Касси приходилось ночью по нескольку раз подниматься, чтобы выполнять какое-нибудь требование мисс Каролины, которая привыкла вести себя, как избалованный ребенок. Поэтому, убегая, чтобы повидаться со мной, она рисковала заслужить наказание. Стоило ей попасться, и ничто - даже власть красоты, которую так ярко воспевают поэты, - не спасло бы мою очаровательную маленькую Касси от плети.

Как ни кратковременны, как ни редки были посещения Касси, все же их было достаточно для того, чтобы создать и поддерживать в моей душе целый новый мир радостей и чувств. Жена моя редко бывала со мной, но образ ее всегда стоял перед моими глазами, делая меня нечувствительным ко всему, что не имело отношения к ней. Все окружающее тонуло в каком-то радужном сне. Тяжелая работа в поле уже не угнетала меня. Я даже не ощущал ударов плети, на которые не скупился надсмотрщик.

Вся душа моя была так переполнена радостью, которую я черпал в нашей огромной взаимной привязанности и счастливом ожидании встреч, что для тяжелых переживаний не оставалось места. В те мгновения, когда я прижимал к груди мою нежную подругу, я достигал вершин человеческого счастья, испытывал блаженство, превосходившее все, о чем я когда-либо мог мечтать.

Восторги любви одинаково глубоки как в сердце раба, так и в сердце господина. Это светлое чувство все время, пока оно живо, поглощает все остальные и находит удовлетворение в самом себе. Я испытал это на себе. Даже находясь в самом жалком положении, я все же был безмерно счастлив, и моя страсть делала меня нечувствительным ко всему, что не было связано с моей любовью.

Но слабая человеческая природа не в силах долго пребывать в состоянии подобного экстаза.

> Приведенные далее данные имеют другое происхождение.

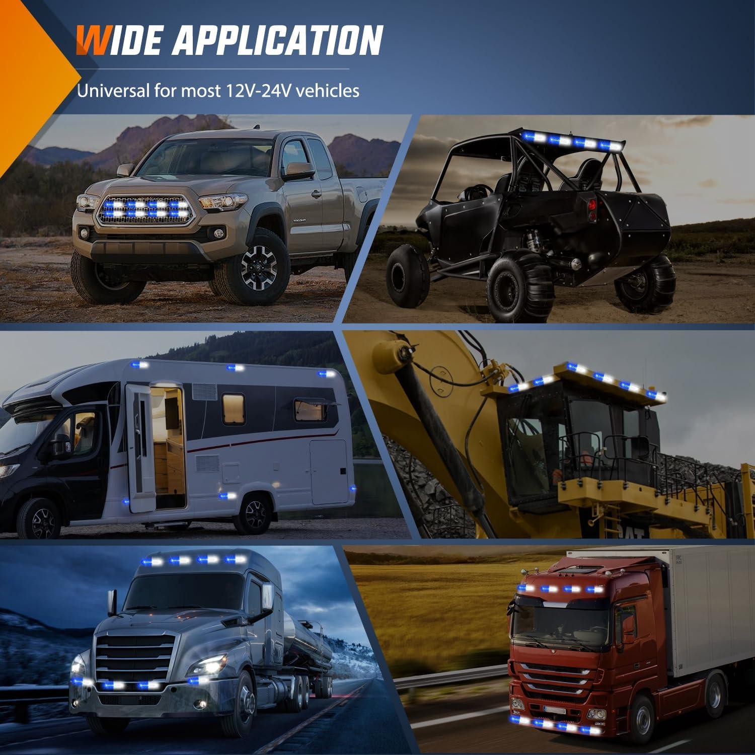 Applications: This strobe light is suitable for postal and city service workers or emergency cars and trucks, construction vehicles, tractors, snowplows or any 12V-24V vehicles. It can be mounted on the side of truck or the grille in front of the vehicle.

Он скоро проходит, и, кто знает, цена, заплаченная за эти минуты, может показаться чрезмерной, особенно если подумать о муках обманутых надежд и горького отчаяния, последовавших за этими прекрасными мгновениями…

И все же я с радостью перебираю воспоминания об этих коротких мгновениях… То были редкие мгновения радости, которые память моя, пытаясь восстановить это далекое прошлое, с трудом отыскивает. Они подобны зеленым островкам, кое-где разбросанным в беспредельной шири бурного и жестокого океана.

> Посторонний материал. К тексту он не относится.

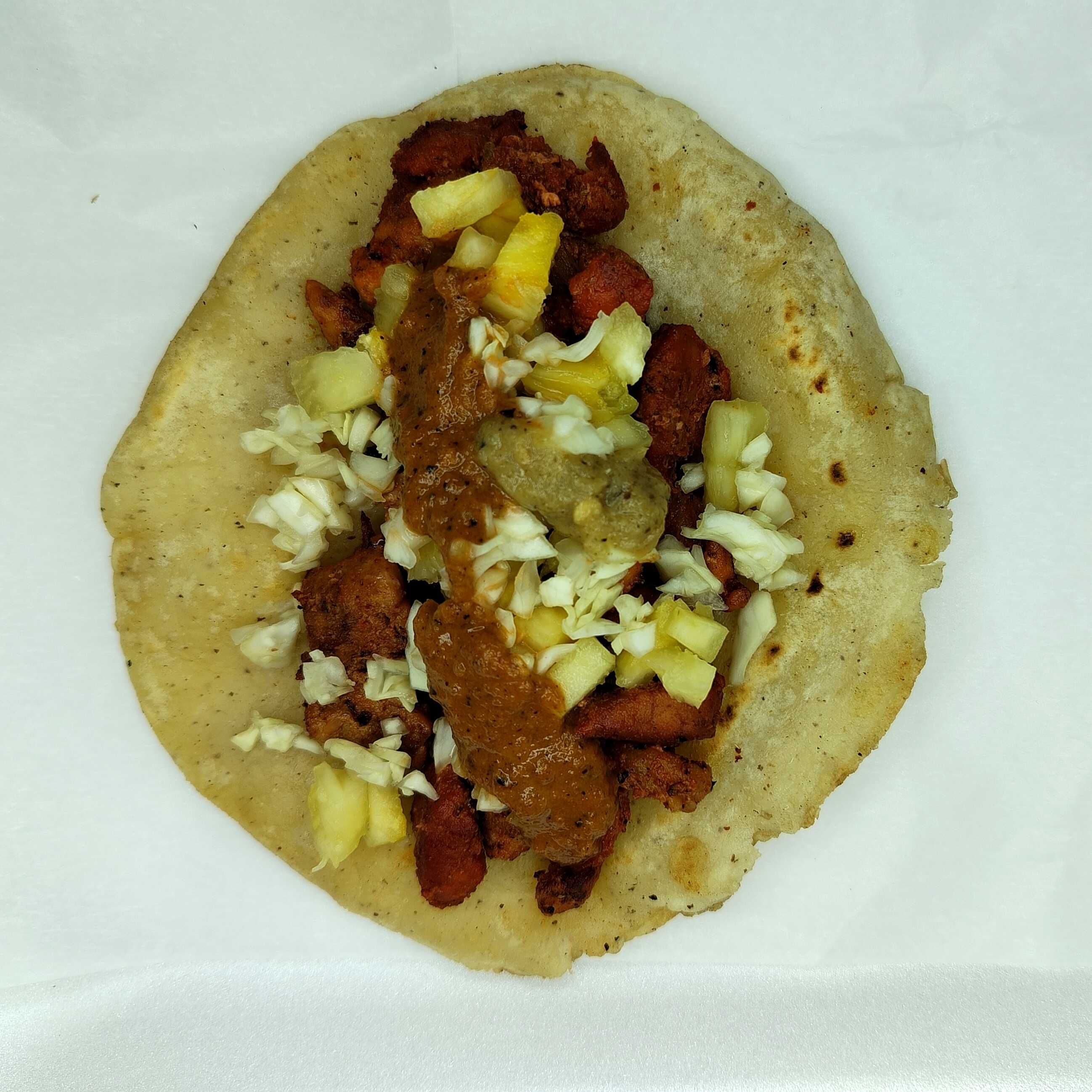 Una tortilla de maíz tamaño normal, carne Al Pasto, vestido con pedazos de piña, col. Con salsas y limón al lado.

Прошло недели две с тех пор, как Касси стала моей женой. Была ночь, и я сидел у дверей моей хижины в ожидании ее прихода. На безоблачном небе ярко светила лупа. Весь во власти счастья, я следил за движением луны, любуясь красотой этой ночи и благодаря бога за то, что он не дал дурным инстинктам, которые так часто порождаются униженным положением, взять во мне верх и уничтожить источник прекраснейших и чистых наслаждений.

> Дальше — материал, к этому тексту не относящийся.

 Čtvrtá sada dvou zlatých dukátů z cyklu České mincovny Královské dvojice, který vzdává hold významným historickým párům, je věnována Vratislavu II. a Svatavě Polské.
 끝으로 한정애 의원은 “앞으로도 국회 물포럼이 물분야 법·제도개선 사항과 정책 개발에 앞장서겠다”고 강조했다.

Внезапно я увидел вдали человеческую фигуру. Я узнал бы ее на любом расстоянии. Еще мгновение - и вот я уже держал в объятиях мою жену. Но, прижимая ее к себе, я почувствовал, что она вся трепещет, а коснувшись щекой ее лица, я заметил, что оно залито слезами.

Тревога охватила меня, и я увлек Касси в дом, умоляя сказать, что могло так взволновать ее. Но вопросы мои только усиливали ее волнение. Она склонилась головой ко мне на плечо и горько зарыдала. В течение нескольких минут она была не в силах произнести ни слова.

Я не знал, что делать, что подумать. Я старался успокоить ее, целовал ее мокрые от слез щеки и крепко обнимал, стремясь успокоить бурные удары ее сердца.

Постепенно Касси успокоилась, но не сразу еще решилась в неуверенных, прерываемых слезами словах рассказать мне о том, что пережила.

С самого дня своего приезда полковник Мур стал проявлять к ней неожиданное внимание. Не довольствуясь мелкими подарками, которыми он щедро ее награждал, полковник постоянно искал случая заговорить с ней и каждый раз при этом полушутя, полусерьезно восхвалял ее красоту. Замечания его носили иногда довольно недвусмысленный характер, но Касси делала вид, что ничего не понимает. Полковника не мог остановить такой пустяк, как нежелание рабыни понять его, и он прибег к словам и поступкам, которые не могли уже оставить у нее сомнений в его намерениях.

Такое поведение полковника оскорбляло Касси, задевая ее женскую скромность, религиозные чувства и любовь ко мне. Несчастная женщина дрожала при мысли об участи, грозившей ей. Но она до этого дня не решалась поделиться со мной своим беспокойством. Ей тяжело было рассказывать мне об оскорблениях, которым она подвергалась. Ей жаль было понапрасну мучить меня: ведь она знала, что, несмотря на жгучую боль, которую доставит мне ее повествование, я буду не в силах отомстить за обиду.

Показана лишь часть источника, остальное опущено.